By Tara Fernandez, Postdoctoral Fellow at Conway Lab, CBR

Losing the ability to see a loved one’s face clearly, or use a computer or cell phone is probably unthinkable to most of us. However, this is the frightening reality for those suffering from age-related macular degeneration (AMD), the leading cause of vision loss among those over 50 in developed countries. This progressive degenerative disease of the eye affects about 8 million individuals in the United States alone and has a devastating effect on the quality of life for most sufferers.

The macula is the most sensitive region of the retina, consisting of specialized cells required for high-definition central vision. Damage to the macula results in distortions or darkened patches appearing within the central field of view. This makes everyday activities frustratingly impossible. To make matters worse, very little is known about the pathophysiology of AMD, with suitable treatments only available for people with a small sub-type of this condition.

Linnette Ocariza, MSc

Interestingly, excess complement activation and oxidative stress have been identified as potential mechanisms underlying this disease. Linnette Ocariza, a Masters Student in the Conway Lab at the CBR, has a strong interest in the molecular regulators of the complement system and has spent the last 2 years uncovering more about their role in AMD progression.

As part of her research, together with others in the Conway Lab, Linnette discovered a fascinating association between AMD and a molecule found in bacteria and commonly used as a food preservative, which may hold the key to arresting the progression of the disease. Polyphosphate (PolyP) is an inorganic polymer that has been in the spotlight due to its potent inhibitory effects on the complement system. Abundantly found in platelets, PolyP has been shown to modulate several aspects of coagulation and inflammation. As a naturally occurring compound, PolyP is therefore a promising candidate for combating AMD, by suppressing the immune system and limiting damage to the eye by oxidative stress.

Linnette tested this theory in a variety of cell and mouse experimental models. These included a state-of-the-art technique she learned for creating controlled lesions on the retinas of mice in order to simulate AMD damage and identify the effects of potential remedies. She found that PolyP not only significantly interfered with the terminal pathway of complement, but also acted as an antioxidant, thus dampening the main routes of AMD progression.

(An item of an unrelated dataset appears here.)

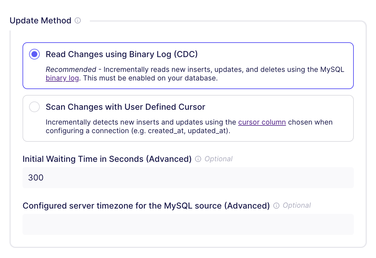 "description": "<i>Recommended</i> - Incrementally reads new inserts, updates, and deletes using the MySQL <a href=\"https://docs.airbyte.com/integrations/sources/mysql/#change-data-capture-cdc\">binary log</a>. This must be enabled on your database.",

Looking back on the highs and lows of her Masters experience, Linnette spoke on some of the challenges and victories associated with her research. Long hours and failed experiments paid off after making some important breakthroughs in her work, particularly with her in vivo studies. She strongly believed that being part of a supportive team and engaging with the wider CBR community helped her to grow as a researcher and learn from the experiences of her peers. Being given the opportunity to mentor Summer Students, present at CBR seminars and travel to conferences have also equipped her with valuable academic and life skills for the future. Eager to pursue a career in Medicine, Linnette has the following advice for the next generation of researchers – be resilient and patient; and get involved with scientific activities outside the lab. She is hopeful that her discovery may one day lead to a ray of hope for those battling AMD by providing them with a safe and effective treatment for their disease.